Instructions to follow: Leave the pictures out and print every record below exactly as it stands.

Data listing:
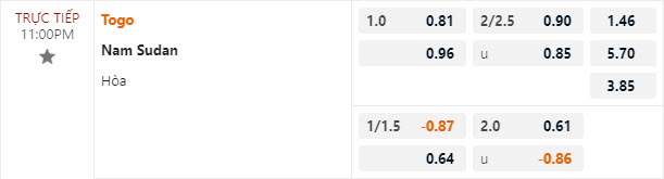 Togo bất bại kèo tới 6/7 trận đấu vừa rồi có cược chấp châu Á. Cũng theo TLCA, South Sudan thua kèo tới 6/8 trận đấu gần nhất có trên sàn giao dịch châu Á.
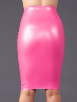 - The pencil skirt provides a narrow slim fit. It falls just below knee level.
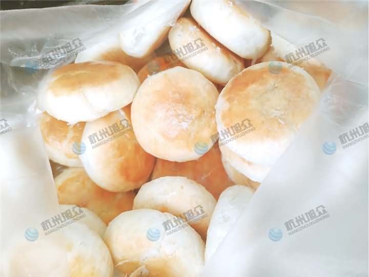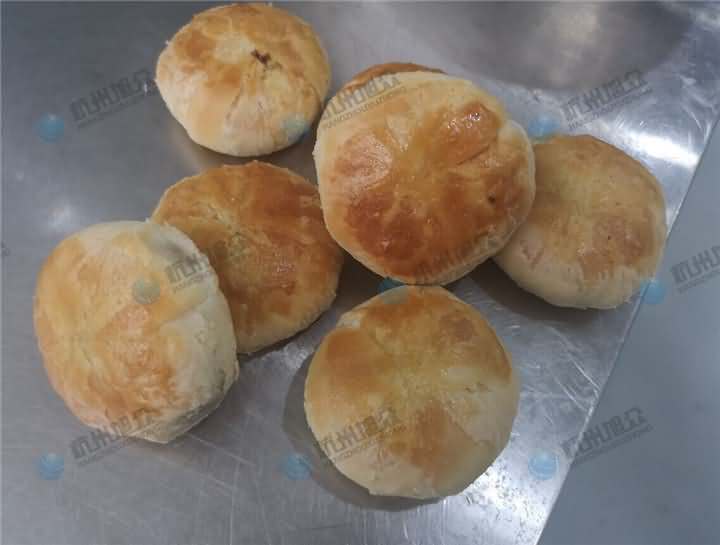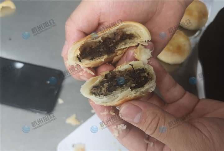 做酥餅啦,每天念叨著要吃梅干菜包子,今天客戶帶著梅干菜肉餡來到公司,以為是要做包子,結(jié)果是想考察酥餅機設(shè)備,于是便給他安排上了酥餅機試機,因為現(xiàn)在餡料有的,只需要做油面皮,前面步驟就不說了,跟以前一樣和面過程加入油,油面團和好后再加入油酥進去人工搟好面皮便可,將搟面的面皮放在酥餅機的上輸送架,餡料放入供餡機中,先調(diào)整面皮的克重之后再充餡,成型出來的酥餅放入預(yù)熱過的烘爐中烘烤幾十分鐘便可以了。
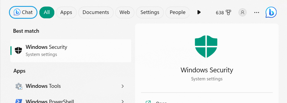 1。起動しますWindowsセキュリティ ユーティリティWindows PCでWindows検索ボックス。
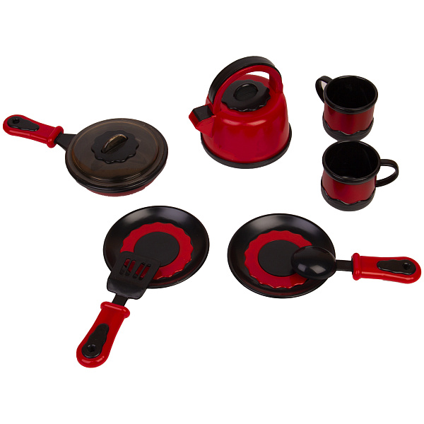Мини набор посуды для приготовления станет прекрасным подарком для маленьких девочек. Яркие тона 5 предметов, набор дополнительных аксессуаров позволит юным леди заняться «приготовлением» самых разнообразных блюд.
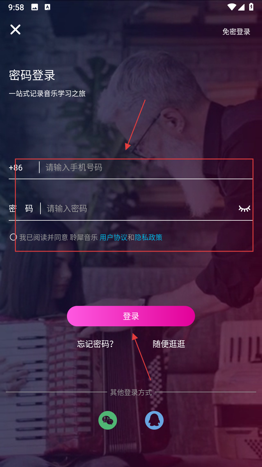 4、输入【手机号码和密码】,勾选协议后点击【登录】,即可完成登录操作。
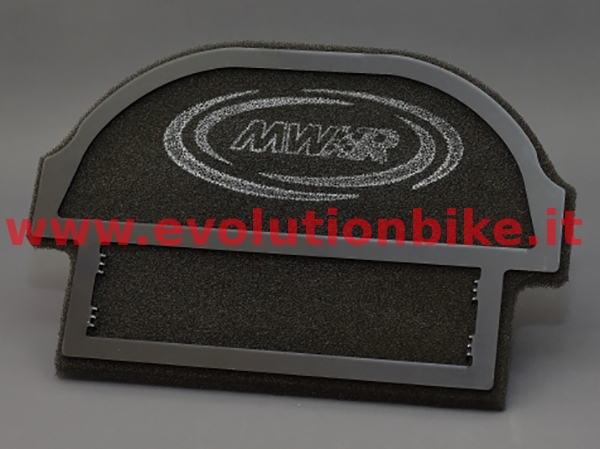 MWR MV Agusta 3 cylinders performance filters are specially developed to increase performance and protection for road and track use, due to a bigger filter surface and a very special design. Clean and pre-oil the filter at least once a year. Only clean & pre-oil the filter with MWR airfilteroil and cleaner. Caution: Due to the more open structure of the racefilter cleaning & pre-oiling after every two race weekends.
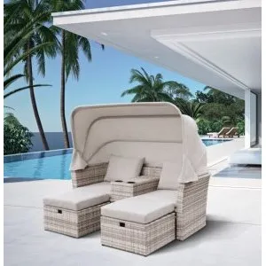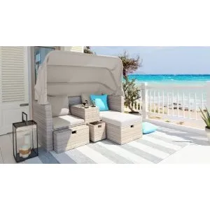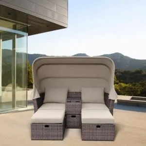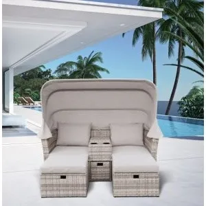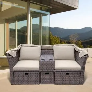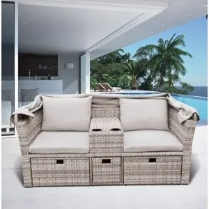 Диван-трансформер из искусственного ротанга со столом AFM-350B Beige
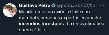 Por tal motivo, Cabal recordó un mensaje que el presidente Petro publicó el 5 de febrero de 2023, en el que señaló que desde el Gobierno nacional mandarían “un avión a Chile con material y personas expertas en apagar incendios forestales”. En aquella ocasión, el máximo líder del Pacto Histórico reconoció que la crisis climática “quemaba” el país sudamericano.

Final answer:
 Togo bất bại kèo tới 6/7 trận đấu vừa rồi có cược chấp châu Á. Cũng theo TLCA, South Sudan thua kèo tới 6/8 trận đấu gần nhất có trên sàn giao dịch châu Á.
 - The pencil skirt provides a narrow slim fit. It falls just below knee level.
 做酥餅啦,每天念叨著要吃梅干菜包子,今天客戶帶著梅干菜肉餡來到公司,以為是要做包子,結(jié)果是想考察酥餅機設(shè)備,于是便給他安排上了酥餅機試機,因為現(xiàn)在餡料有的,只需要做油面皮,前面步驟就不說了,跟以前一樣和面過程加入油,油面團和好后再加入油酥進去人工搟好面皮便可,將搟面的面皮放在酥餅機的上輸送架,餡料放入供餡機中,先調(diào)整面皮的克重之后再充餡,成型出來的酥餅放入預(yù)熱過的烘爐中烘烤幾十分鐘便可以了。
 1。起動しますWindowsセキュリティ ユーティリティWindows PCでWindows検索ボックス。
Мини набор посуды для приготовления станет прекрасным подарком для маленьких девочек. Яркие тона 5 предметов, набор дополнительных аксессуаров позволит юным леди заняться «приготовлением» самых разнообразных блюд.
 4、输入【手机号码和密码】,勾选协议后点击【登录】,即可完成登录操作。
 MWR MV Agusta 3 cylinders performance filters are specially developed to increase performance and protection for road and track use, due to a bigger filter surface and a very special design. Clean and pre-oil the filter at least once a year. Only clean & pre-oil the filter with MWR airfilteroil and cleaner. Caution: Due to the more open structure of the racefilter cleaning & pre-oiling after every two race weekends.
 Диван-трансформер из искусственного ротанга со столом AFM-350B Beige
 Por tal motivo, Cabal recordó un mensaje que el presidente Petro publicó el 5 de febrero de 2023, en el que señaló que desde el Gobierno nacional mandarían “un avión a Chile con material y personas expertas en apagar incendios forestales”. En aquella ocasión, el máximo líder del Pacto Histórico reconoció que la crisis climática “quemaba” el país sudamericano.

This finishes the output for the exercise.